Appendix 1: Test problems

This appendix holds a collection of nonconvex NLP problems used in the computational study in this paper. Most of the problems can be found in the GLOBALLib library [52] and in the test problem handbooks of Floudas [20, 21]. The same problem set was used in [59].

Problem 1

[21, Chap. 4.10].

$$\begin{aligned} \underset{\mathbf{x}}{\text {minimize}} \quad&f(\mathbf{x}) = -x_1 -x_2 \\ \text {subject to}\quad&x_2 \le 2 + 8x_{1}^{2} - 8x_{1}^{3} + 2x_{1}^{4} \\&x_2 \le 36 - 96x_{1} + 88x_{1}^{2} - 32x_{1}^{3} + 4x_{1}^{4} \\&x_1 \in [0,3], x_2 \in [0,4] \end{aligned}$$

(P1)

The global optimum of (P1) is at \(\mathbf{x}^{*} = [2.3295, 3.1785]^\textsf {T}\) with \(f(\mathbf{x}^*) = -5.5080\).

Problem 2

Problem G6 in [40].

$$\begin{aligned} \underset{\mathbf{x}}{\text {minimize}} \quad&f(\mathbf{x}) = (x_1 - 10)^3 + (x_2 - 20)^3 \\ \text {subject to}\quad&100 - (x_1 - 5)^2 - (x_2 - 5)^2 \le 0 \\&-82.81 + (x_1 - 6)^2 + (x_2 - 5)^2 \le 0 \\&x_1 \in [13,100], x_2 \in [0,100] \end{aligned}$$

(P2)

Global optimum at \(\mathbf{x}^{*} = [14.0950, 0.8430]^\textsf {T}\) with \(f(\mathbf{x}^*) = -6961.815\).

Problem 3

[42].

$$\begin{aligned} \underset{\mathbf{x}}{\text {minimize}} \quad&f(\mathbf{x}) = x_1 \\ \text {subject to}\quad&x_{1}^{2} - x_2 \le 0 \\&x_2 - x_{1}^{2}(x_1 - 2) + 10^{-5} \le 0 \\&\mathbf{x} \in [-10,10]^2 \end{aligned}$$

(P3)

Global optimum at \(\mathbf{x}^{*} = [3.0, 9.00001]^\textsf {T}\) with \(f(\mathbf{x}^*) = 3\).

Problem 4

[21, Chap. 3.5]. Problem ex3.1.4 in GlobalLib.

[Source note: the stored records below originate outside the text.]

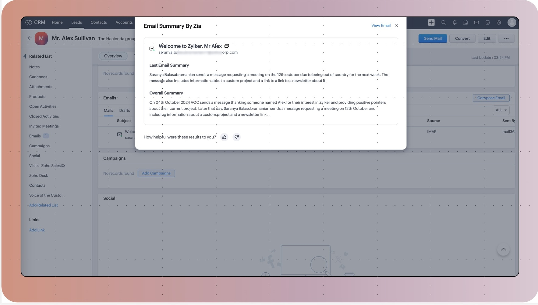 そのため、Zoho CRMでは、メールスレッドを要約する機能を提供しています。
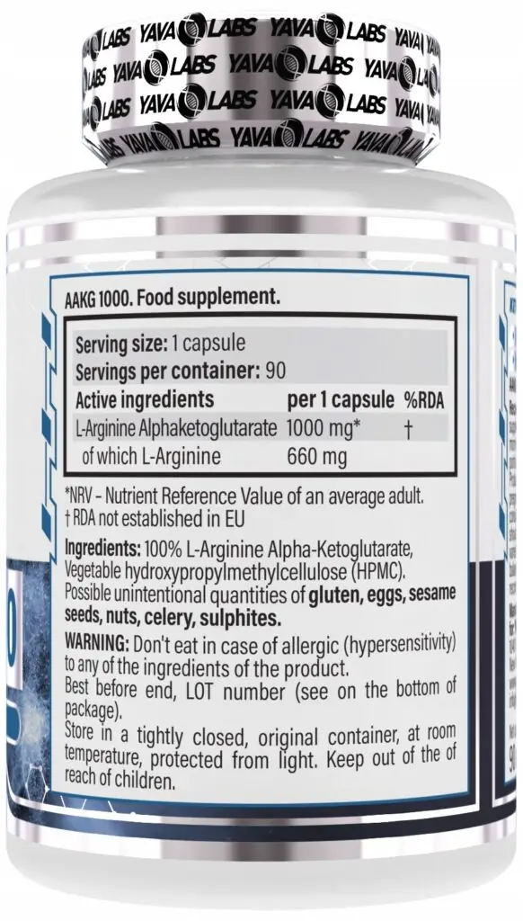 YAVA LABS – AAKG 1000 (alfa-ketoglutaran argininy 1000) to wysokiej jakości suplement diety uzupełniający aminokwas L-argininę. Zwykle jest stosowany jako przedtreningówkaWzmacniacz. Opracowaliśmy ten produkt, aby przynosił korzyści kulturystom i sportowcom siłowym w zwiększaniu masy mięśniowej i przyjmowaniu składników odżywczych oraz sportowcom wytrzymałościowym w celu zmniejszenia zmęczenia mięśni. Poprawia produkcję tlenku azotu, związku poprawiającego przepływ krwi, co poprawia zaopatrzenie mięśni zarówno w tlen, jak i składniki odżywcze. Ponadto AAKG jest środkiem rozszerzającym naczynia krwionośne, co oznacza, że rozszerza naczynia krwionośne w organizmie. Eksperci są zgodni, że to rozszerzenie naczyń krwionośnych umożliwia transport większej ilości tlenu, krwi i składników odżywczych do mięśni, poprawiając wydolność tlenową sportowca. Dlatego alfa-ketoglutaran argininy jest obecnie głównym składnikiem większości suplementów przedtreningowych i zwiększających objętość komórek.
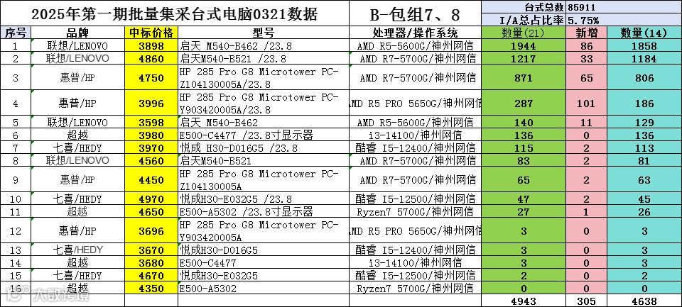 以上数据均仅限批量集采,仅供参考(不含统框采(点击查看部分数据),线下,统采,邀标等)
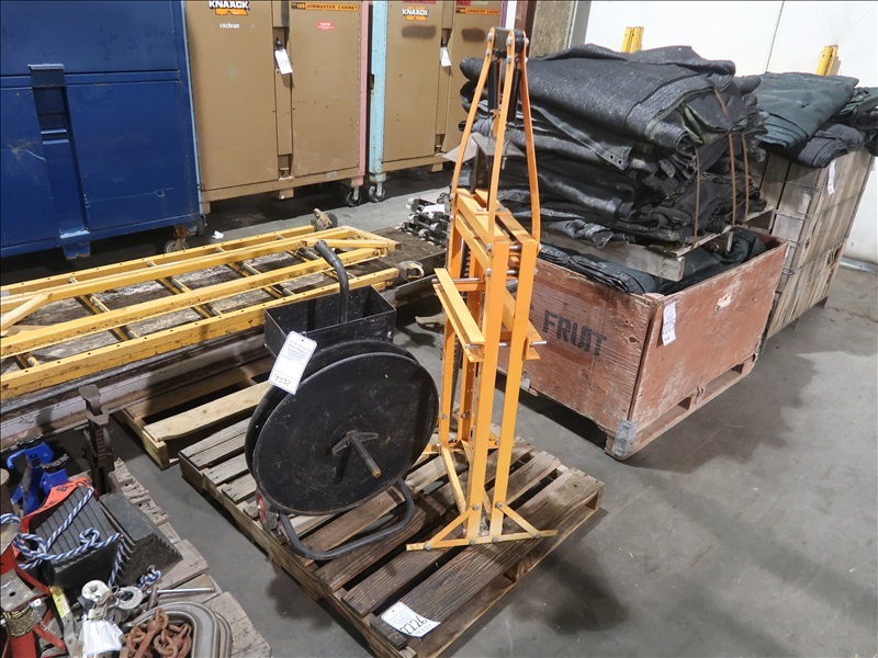 LOT, (1) HOSE REEL CART, (1) 47"H FARM JACK & (1) CENTRAL HYDRAULICS 12-TON SHOP PRESS ON THIS PALLET (MISSING PARTS, NEEDS REPAIR)
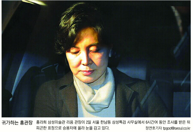 이날 오후 3시쯤 출석한 홍 관장은 오후 9시30분쯤 조사를 마치고 귀가했다. 홍 관장은 조사 내용을 묻는 취재진에게 “오랫동안 조사받은 것을 어떻게 한마디로 말하겠느냐.”라고 말했다. 또 제기된 의혹이 모두 사실이 아니냐는 질문에는 “예(사실이 아니다).”라고 짧게 답했다. 로이 리히텐슈타인의 ‘행복한 눈물’ 등 고가 미술품 구입 여부에 대해 홍 관장은 특검에서 “잠시 대여했던 것뿐”이라고 진술한 것으로 알려졌다.
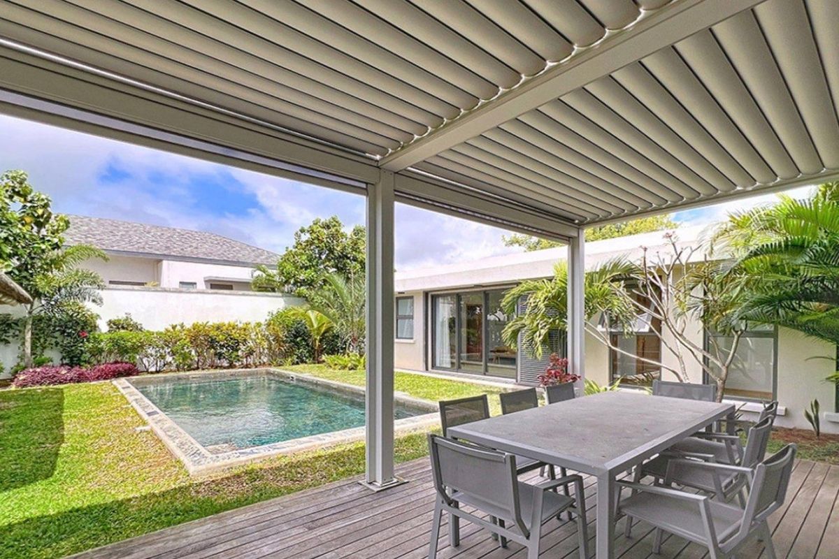 Island living minutes from Grand Baie’s beaches and golf, this contemporary villa offers open-plan entertaining with a modern kitchen, private slate pool and pergola terrace — three bedrooms, two bathrooms.
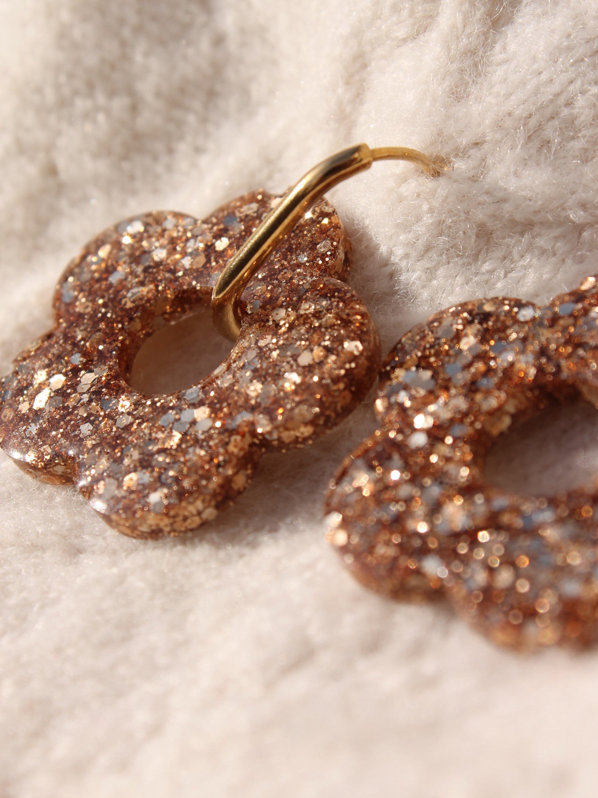 Des créoles fines associées aux pampilles Bloom XL — des fleurs plus grandes et plus affirmées, toujours façonnées à la main.
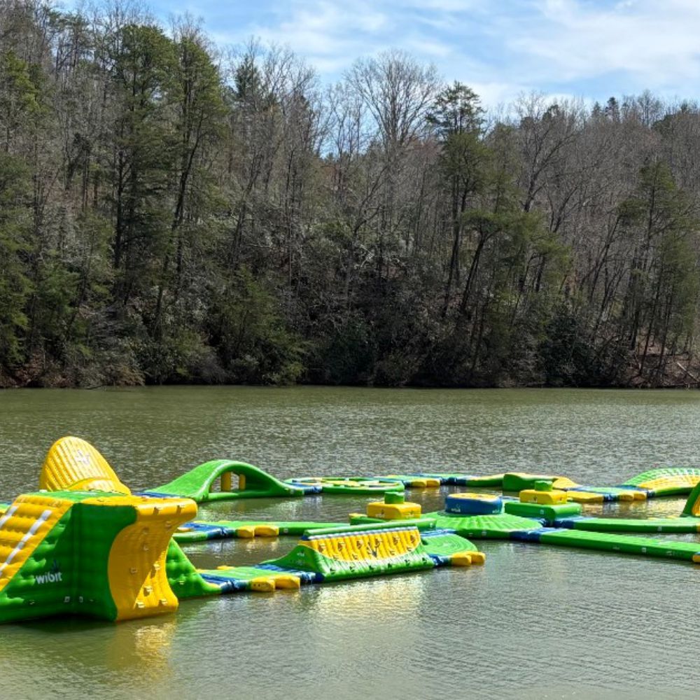 To enjoy the lake inflatable water park you must purchase park admission and after that the lake inflatable water park is included with your park pass. You can purchase passes just for the day to experience all the campground has to offer or you can stay for as long as you want at one of their many accommodations which include RV sites, tent sites, cabins, glamping tents, and more! Passes and reservations can be purchased online or at the location. It is recommended to purchase online prior to visiting to ensure availability.
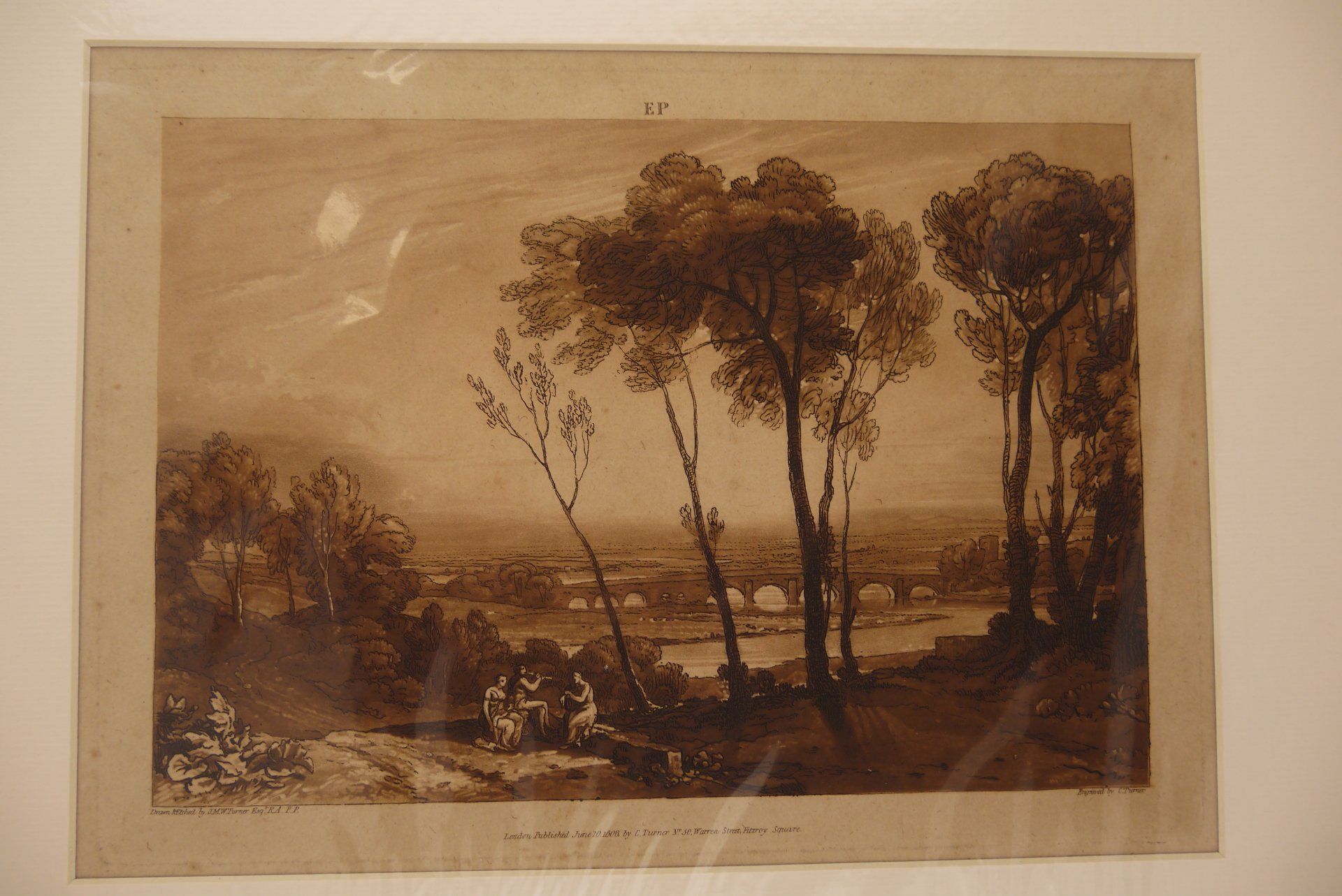 J.W.M. Turner Liber Studiorum: A classical landscape with a river and a bridge with eight arches in the middle distance; in the foreground, several trees and three classical figures, one playing a pipe. Mezzotint and etching with aquatint, published 1808; Drawn and etched by Joseph Mallord William Turner; Engraved by Charles Turner. Plate size: 21cm high x 29cm.

$$\begin{aligned} \underset{\mathbf{x}}{\text {minimize}} \quad&f(\mathbf{x}) = -2x_1 + x_2 - x_3 \\ \text {subject to}\quad&\mathbf{x}^\textsf {T}{\mathsf {A}}^\textsf {T}{\mathsf {A}} \mathbf{x} - 2 \mathbf{y}^\textsf {T}{\mathsf {A}} \mathbf{x} + ||\mathbf{y}||^2 - 0.25 ||\mathbf{b} - \mathbf{z}||^2 \ge 0 \\&x_1 + x_2 + x_3 - 4 \le 0 \\&3x_2 + x_3 - 6 \le 0 \\&x_1 \in [0,2], x_2 \in [0,10], x_3 \in [0,3] \\ \text {with data}\quad&\\ {\mathsf {A}}&= \begin{bmatrix} 0&\quad 0&\quad 1 \\ 0&\quad -1&\quad 0 \\ -2&\quad 1&\quad -1 \end{bmatrix} \\ \mathbf{b}&= [3,~0,~-4]^\textsf {T}\\ \mathbf{y}&= [1.5,~-0.5,~-5]^\textsf {T}\\ \mathbf{z}&= [0,~-1,~-6]^\textsf {T}\end{aligned}$$

(P4)

The global optimum of P4 is at \(\mathbf{x}^{*} = [0.5, 0,3]^\textsf {T}\) with \(f(\mathbf{x}^*) = -4\).

Problem 5

Himmelblau problem from [21]. Problem ex14.1.1 in GlobalLib.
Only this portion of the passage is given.